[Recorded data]
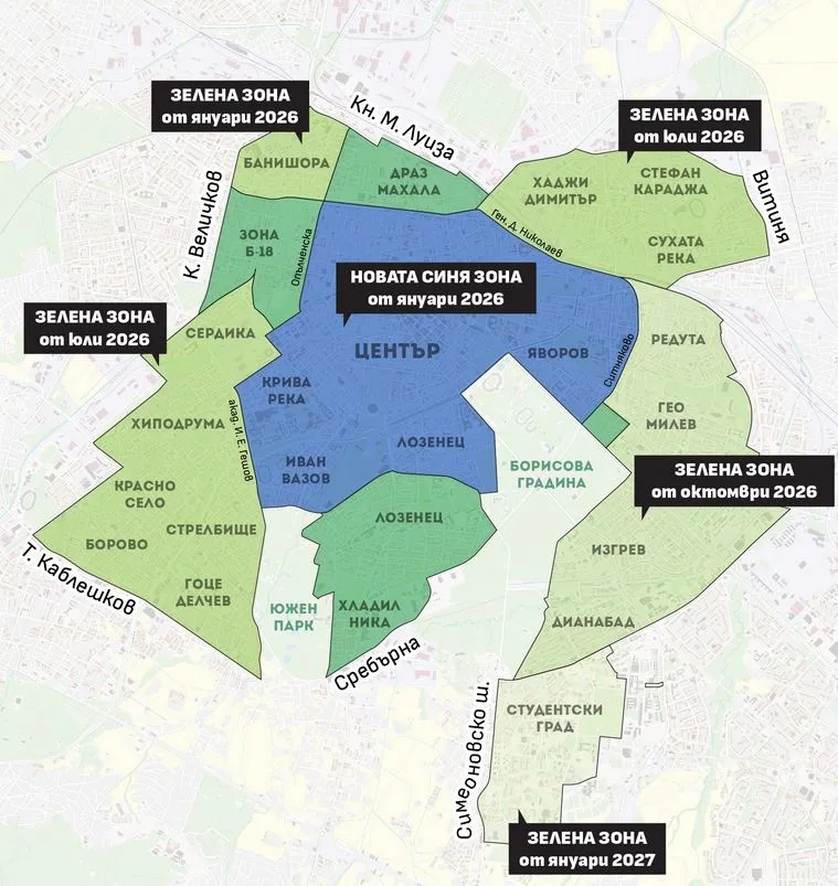 Въвеждането на новите зелени зони ще става поетапно през 2026. Студентите ще могат да си вадят винетен стикер в Студентски град.
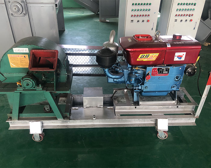粉碎機(jī)配柴油機(jī)啟動 根據(jù)客戶需要粉碎木材的粗細(xì)配粉碎機(jī)和柴油大小
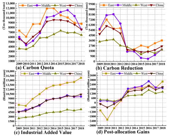As shown in Figure 6c, after the cross-temporal allocation of carbon quotas, the industrial value-added of the three regions and the national average increased annually. The eastern region had the highest industrial value-added and the fastest growth rate. The western region had the lowest industrial value-added and the slowest growth rate. The central region’s industrial value-added was close to the national average, with a growth rate higher than that of the western region. Over time, the differences in industrial value-added between the three regions increased.
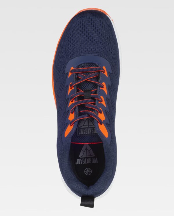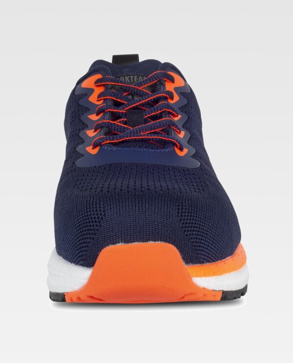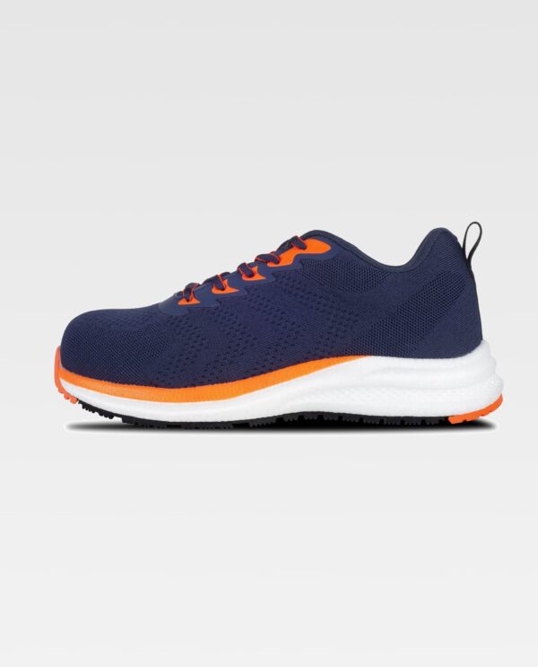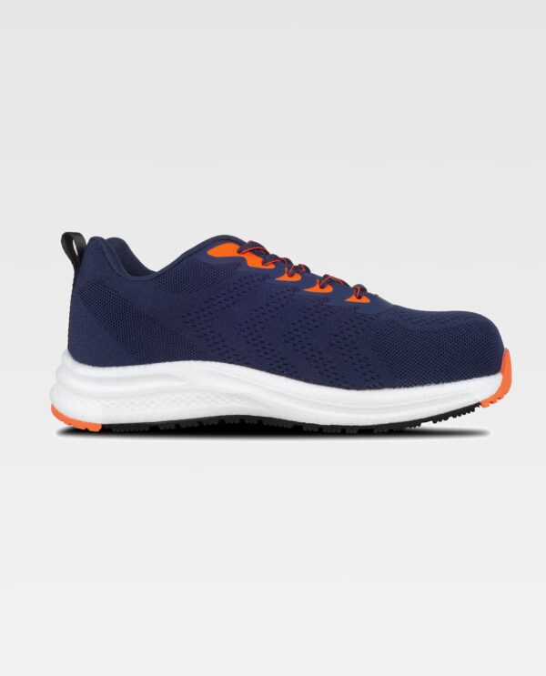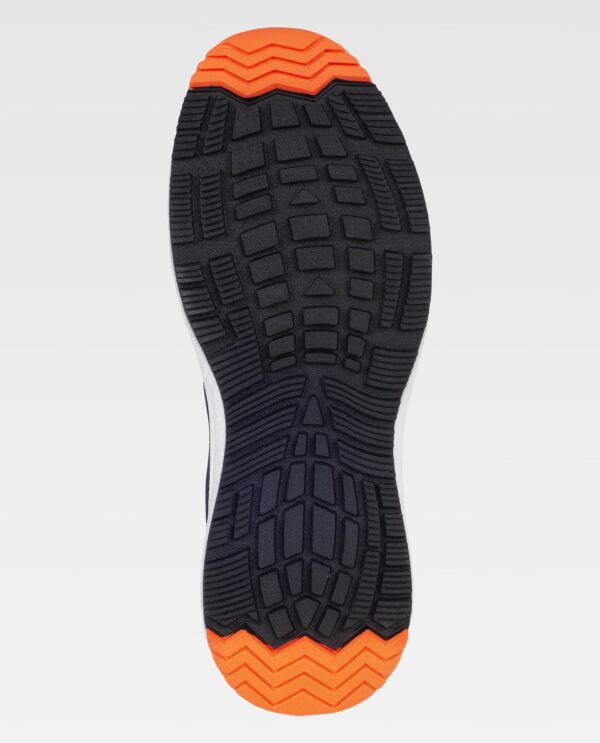 Sapato combinado com cordões. Sem metal. Detalhes fluorescentes. Parte superior em tecido de malha. Sola em E-TPU ultra-leve combinada com borracha fluorescente. Biqueira em compósito anti-impacto e palmilha interna em tecido anti-perfuração. Palmilha amortecedora amovível e leve. Propriedades anti-estáticas. Absorção de energia na zona do calcanhar. Resistência aos hidrocarbonetos. Resistência à perfuração. Resistência ao deslizamento em cerâmica com glicerina. S1 PS SR FO.
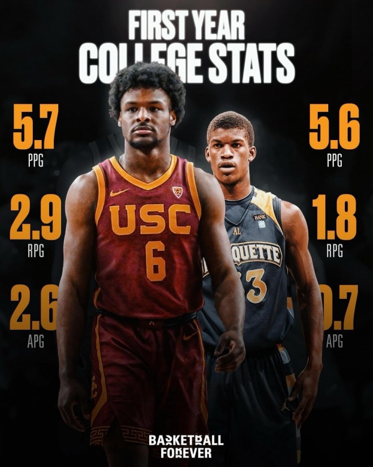 布朗尼本赛季(大一)场均5.7分2.9篮板2.6助攻;巴特勒(13年前)大一赛季场均5.6分1.8篮板0.7助攻。巴特勒在2011年首轮第30顺位被选中
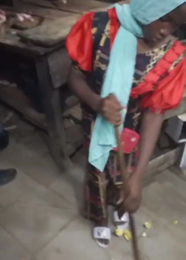 A young girl is sweeping the floor in what appears to be an indoor market or food preparation area. She is wearing a long, patterned dress with red puffy sleeves, white sandals, and a light blue headscarf. A small pink purse is visible hanging at her waist. She is using a red and purple broom with a wooden handle to sweep up pieces of white and yellow food waste from the tiled floor. Behind her, several men are present. They stand around a wooden table that has some food on it. The environment seems cluttered and perhaps a bit run-down. The lighting is somewhat dim. The sound of an engine or machine can be heard in the background.
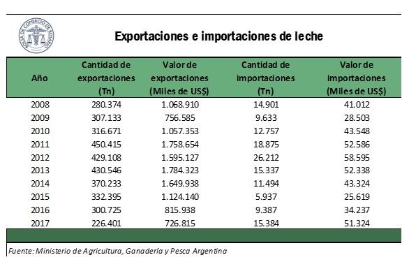 En el caso del sector externo, las exportaciones han sufrido una reducción de aproximadamente el 20% en cantidades de toneladas y de un 32% en cantidades de dólares ingresados al país. Por el lado de las importaciones, el volumen ha variado mucho de año a año, pero podríamos afirmar que comenzó y cerró el período analizado (2008-2017) con sólo un 3,2% de aumento. Pero las importaciones finales serían mayores en un 9,95% al volumen promedio importado en estos diez años (13.992 toneladas). Además de ello, importar 15.384 toneladas en el año 2017 significó un desembolso 25% mayor que lo gastado en 2008 para importar 14.901 toneladas de productos lácteos.
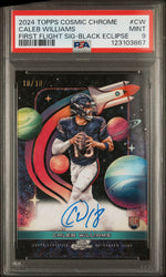 This card's key features include its 2024 release, Topps Cosmic Chrome brand, First Flight Signatures insert, Black Eclipse parallel, autograph, and serial number 10/10. In addition, its PSA grade of Mint 9 seals its status as a high-quality, highly collectible item.
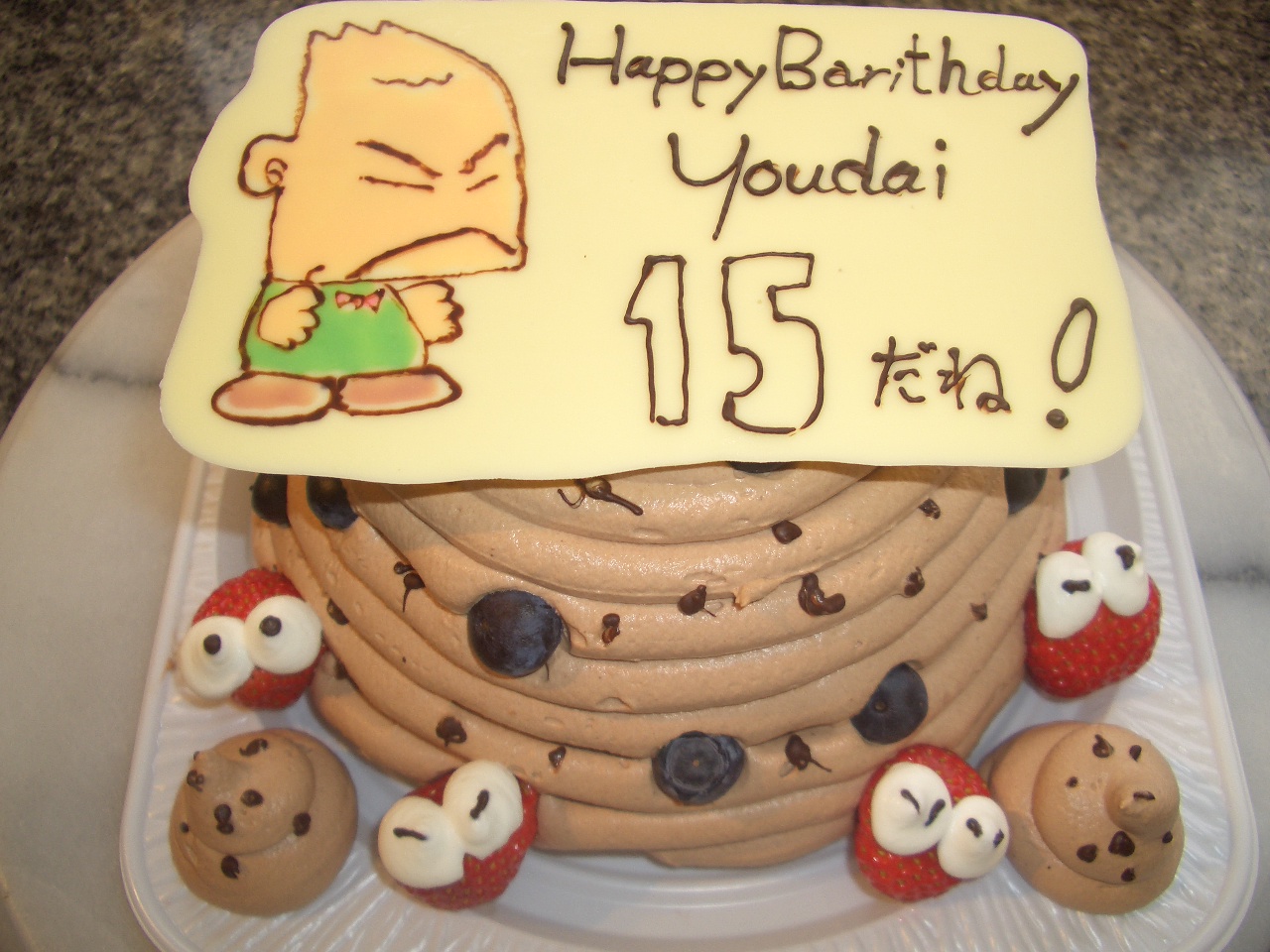 お客様の要望でブルーベリー、イチゴ あふれるぐらい乗せました。頑張ります!
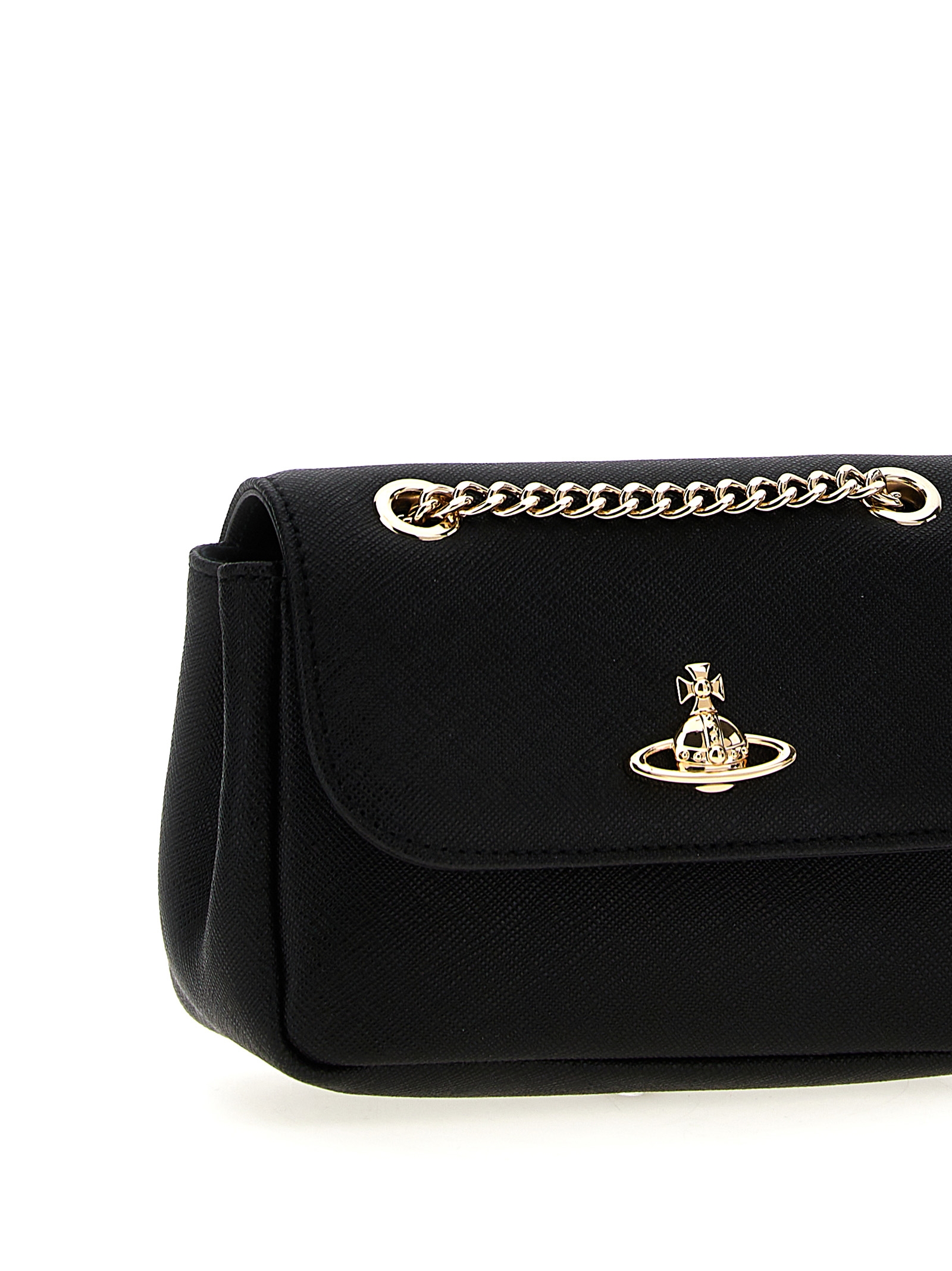 ‘Small Purse Chain’ shoulder bag in Saffiano leather, magnetic flap closure with metal Orb logo on the front, sliding chain shoulder strap.
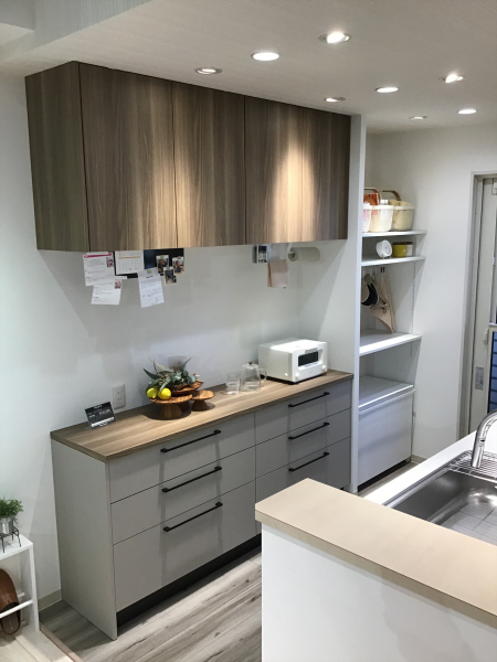 木製ながらキャビネットの底板はホーロー素材でお手入れのしやすさも兼ね備えた、ハイブリッドキッチン♪

WHAT YOU SHOULD DO: Your task is to retype, exactly and only, the lines from the line holding "お客様の要望でブルーベリー、イチゴ あふれるぐらい乗せました。頑張ります!" through the final line of the data above, with both ends kept. Drop the pictures.

OUTPUT FOR THIS TASK:
 お客様の要望でブルーベリー、イチゴ あふれるぐらい乗せました。頑張ります!
 ‘Small Purse Chain’ shoulder bag in Saffiano leather, magnetic flap closure with metal Orb logo on the front, sliding chain shoulder strap.
 木製ながらキャビネットの底板はホーロー素材でお手入れのしやすさも兼ね備えた、ハイブリッドキッチン♪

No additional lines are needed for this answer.